=== Section Start ===

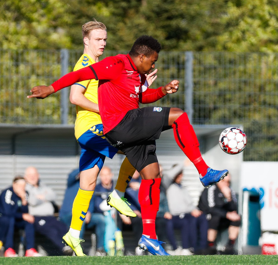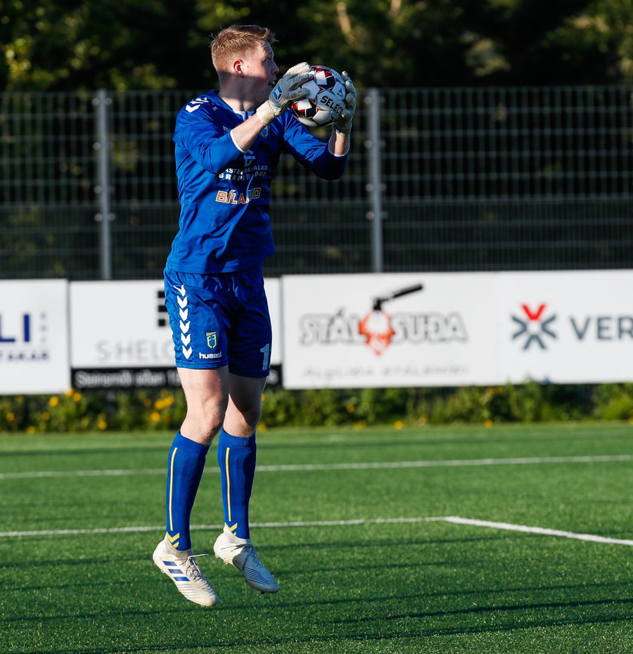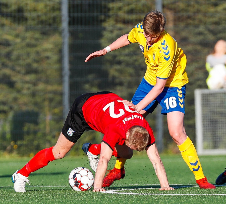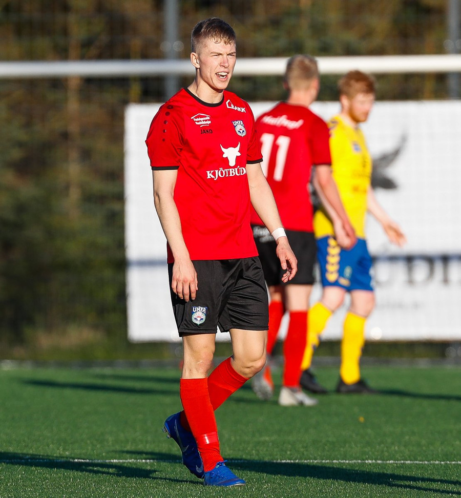 Kristófer fær hann í gegn frá Alberti og er í mjög þröngu færi. Setur hann beint á Trausta og boltinn lekur inn. Trausti hefði eflaust viljað gera betur þarna.
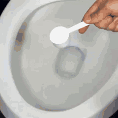 2️⃣ Streuen Sie in die Toilettenschüssel Streuen Sie das Pulver direkt in die Toilettenschüssel, einschließlich unter dem Rand, wo sich der Schmutz am meisten ansammelt.
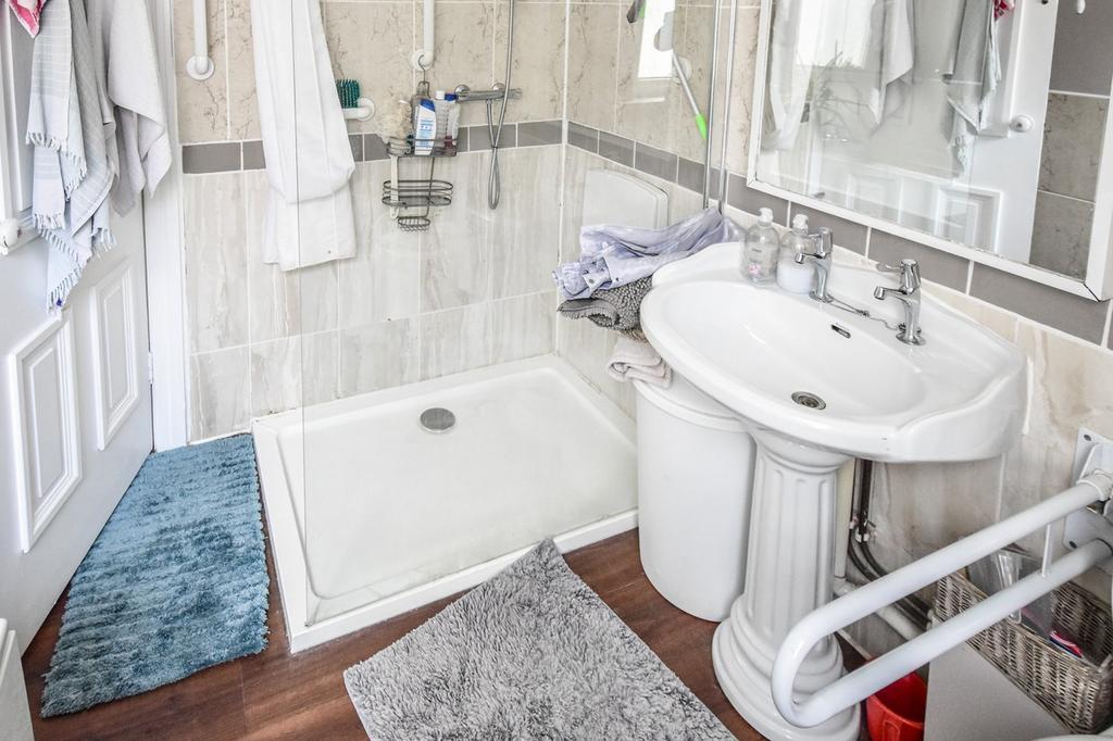 A four piece suite comprising panel bath, walk in double base shower housing mains shower, wash hand basin, low level W.C, textured ceiling with coving, wall mounted Worcester boiler (supplying domestic hot water and gas central heating) and double glazed frosted window to side aspect.

=== Section End ===

TASK DETAILS> Please repeat exactly the data above from its first line to the line that contains "2️⃣ Streuen Sie", inclusive, and leave every picture out.

SOLUTION TO THE EXERCISE>
 Kristófer fær hann í gegn frá Alberti og er í mjög þröngu færi. Setur hann beint á Trausta og boltinn lekur inn. Trausti hefði eflaust viljað gera betur þarna.
 2️⃣ Streuen Sie in die Toilettenschüssel Streuen Sie das Pulver direkt in die Toilettenschüssel, einschließlich unter dem Rand, wo sich der Schmutz am meisten ansammelt.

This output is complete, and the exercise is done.